With Christmas coming up very soon, you must have seen them everywhere, or they were given to you when you were a child: the oh-so-stereotyped Christmas gifts. When little girls receive baby dolls, makeup kits and fashion sketchbooks, little boys are blessed with dinosaurs, fire engines, and false hardware tools. The new generations of parents are more and more aware that these stereotyped gifts are founded on nonsense assumptions, such as “a girl’s dream is to be the prettiest” and “every boy wishes to join the army”. Moreover, it has been shown that this entire sexist mindset has led, among other consequences, to professional categories showing a very small number of women enrolled. Just look at EPFL, or any other engineering school …

With this project, we decided to work on another part of our culture which appears in our mind as a good representative of gender stereotypes: movies. In fact, while doing some research on the movie industry in order to decide with which angle we would like to approach our dataset, we came across this sentence:

“If [Marilyn Monroe] still fascinates us so much, it is because her story echoes the diktat that continues to mark out women’s lives in a world controlled by the male gaze.”

This powerful observation signes the introduction of the documentary “Becoming Marilyn”, released in 2021 by Arte Cinema. And it taught us two things: that women characters have failed to be more than projections of men’s expectations, and that the cinema in itself can be consider as a representation of our society and its diktats.

With this project, we would like to tackle the subject of gender representation in movies across time. Strong believers that women are more than gentle creatures and men are not only super strong, we want to investigate if the movies industry has displayed a satisfying gender representation, and how does it varies between countries and movies genres.

What is the gender parity across movie genres?

We decided to start our investigation with an increasingly used metric these days: gender parity. Calculated as the ratio of women among the actors displayed in each movie, we wanted to see if this metric is impacted by the movie genre.

Displayed below, the gender parity by movie genres with 95% confidence interval calculated for each genre that appears more than a 100 times in our dataset, and the evolution of this ratio before and after 2000. Only red arrows show evolution statistically significant under α = 0.05.


The first main result of this study is that sadly, there is no movie genre that has a gender parity over 50%, even within the 95% confidence interval. Secondly, among the ten highest ranked genres, five of them are a type of comedy, and three of them contain the world romance or romantic. Women are therefore more displayed in movies created for a mainstream audience, and are more represented in movies that include a romantic plot (which does not seem too surprising, since most of the relationships displayed in movies are heterosexual). On the other hand, the five lowest ranked genres include War, Gangster, Western, which are known to display a high level of violence and the use of weapons.

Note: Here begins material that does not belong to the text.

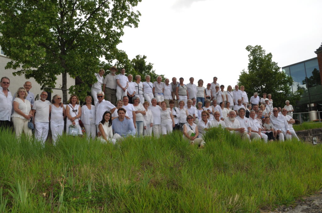 21.5.2023 Dîner en blanc rund um das Backhaus und Ausstellung im Bürgerbüro zu dem Thema 60 Jahre deutsch-französische Freundschaft und 25-jährige Partnerschaft mit Marcy L’Etoile

We can also conclude that movie genre is significantly impacting gender ratio, since the average ratio is out of confident intervals for many movies genres.

To bring some good news, the evolution of gender parity across movie genres shown that for most of them, this evolution is positive. The winner of this race is by far the Japanese movies genre, with an increase of approximatively 15%. Its evolution is displayed below, and one can see the good overall improvement, even if it’s not a linear one. Among the ten highest ranked genres, two of them (Romantic Comedy and Romantic Drama) show a statically significant improvement, and among the ten lowest ranked, two of them also show a positive evolution (Action and Action/Adventure). Therefore, the conclusion of this evolution is that the best ones often do better over time, and the others also try to do better in general, which is full of hope for the future!

What is the evolution of gender parity in films among countries over time?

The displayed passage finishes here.